# Rear End Bearrings



## jmurtap (Aug 11, 2011)

I've got a ten bolt rear end on my 71 Lemans and it originally had thrust bearings in it, The replacement bearings are a flat roller type. I'm not sure about pressing the new ones in with the plate that is on the axle, has anyone had experience with this odd rear end? The collars are completely different as well between the old and new bearing types.


----------



## Eric Animal (Oct 28, 2007)

I'll ask my friend tonight...he is a rear end expert.


----------



## pontiac (Mar 6, 2011)

provide us some photos. your description is confusing.


----------



## geeteeohguy (Feb 2, 2008)

Doesn't sound right. The original and replacement bearings are a sealed roller press on bearing. This bearing is the only thing that holds the axle in place. Thrust or taper bearings were not used on the outer axle area of these rear ends.


----------



## jmurtap (Aug 11, 2011)

I'll get some photos, the #off the bearing that came out was U298 and the race was U261L. Here is a link for the bearing, U298/261L taper roller bearing products, buy U298/261L taper roller bearing products from alibaba.com I cant find a replacement ring that was pressed on to the inside of the bearing.


----------



## Eric Animal (Oct 28, 2007)

I gotta try tomorrow...he has no power still from Irene... E I always remember them being pressed onto the axle, then the axle bolted into the flange on the axle tube....not pressed in, and no c-clips


----------



## jmurtap (Aug 11, 2011)

Here is what came out


----------



## Eric Animal (Oct 28, 2007)

Were they pressed onto the axle?


----------



## jmurtap (Aug 11, 2011)

Yes sir


----------



## geeteeohguy (Feb 2, 2008)

Not what's supposed to be on there, that's for sure.
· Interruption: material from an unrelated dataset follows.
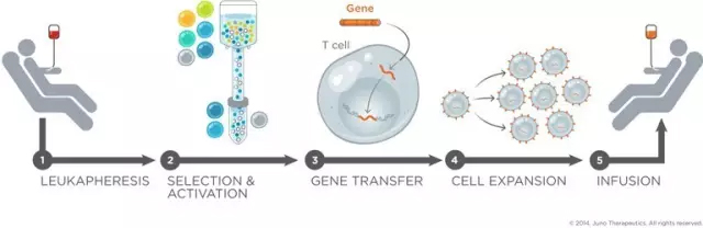CAR-T细胞治疗流程图(来源:JUNO 官网) 当然除了CD19 之外,还有Juno以CD28为共刺激结构域的CAR-T产品(CD28zCAR)JCAR015。但是临床试验并不顺利,因发生5起死亡事件。2017年3月,Juno宣布放弃其以CD28为共刺激结构域的CAR-T产品(CD28zCAR)JCAR015,转而重点发展同样为CD19靶点、以4-1BB为共刺激结构域的CAR-T产品(4-1BBzCAR)JCAR017及JCAR014。 有研究表明,CD28与4-1BB相比存在重大缺陷:CD28的特点是刺激CAR-T细胞在体内迅速扩增,但同时也使得细胞迅速耗竭,复发率较高;4-1BB的技术特点是细胞体内扩增相对温和,但存续时间更长,复发率也更低。所以Juno此举也标志细胞治疗行业未来将加速淘汰CD28zCAR,全面转向4-BBzCAR。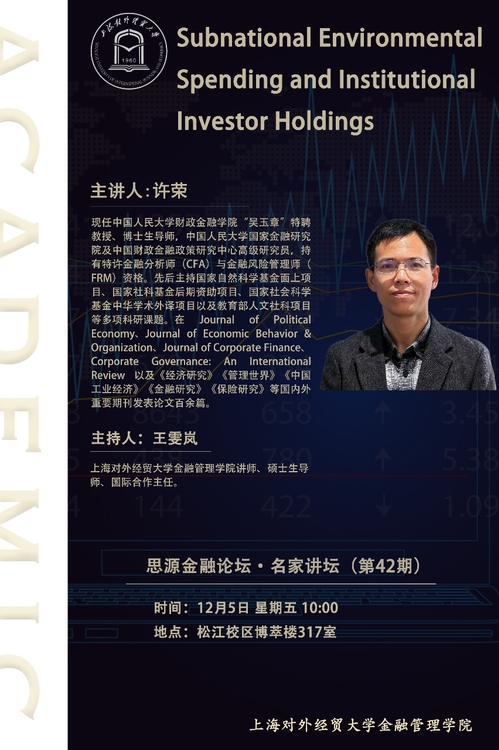 【SUIBE思源金融论坛——名家讲坛第42期】Subnational Environmental Spending and Institutional Investor Holdings

As Eric said, it's a sealed bearing that presses on the axle and the axke gets slid into the rear housing and the flange plate bolted up. Bearing failure will cause axle loss. A tapered bearing as shown needs a way to set the pre load, and these rear axles don't have any adjustments on the axle shafts.


----------



## Topkat (Sep 9, 2010)

Not to hijack a thread, but while following my wife home, her driving the Goat, it seemed like the diff was bouncing up and down A LOT.
While doing the rear drivers side brakes, I noted that the axle moves like 1/4'' in all directions........... cant decide weather to have the rear end looked at or buy rims and tires next


----------



## geeteeohguy (Feb 2, 2008)

The axle should not have any noticable play at ALL. You need to check it out. You can ruin the whole housing assembly if the bearing race spins and hammers the housing on the inside....


----------



## Rukee (Feb 8, 2007)

:agree
You might have a little in-and-out play, but zero play up and down, left to right.


----------



## pontiac (Mar 6, 2011)

you did hijack the thread. That tapered bearing appears to be someone's fix for not having the correct part. The race has no place to be fixed in the housing, no lip, or hub, etc. Just put back the correct bearing and forget about this tapered nonsense. No rear end from GM has tapered bearings.


----------



## jmurtap (Aug 11, 2011)

*Flat Roller*

The Flat Roller bearings when in great,:cheers almost like they were made for it.. LOL However I did find a complete rebuild kit from year one that included all tapered bearings so IDK.. But I think she'll put burn marks on the pavement.
:cheers


----------



## jmurtap (Aug 11, 2011)




----------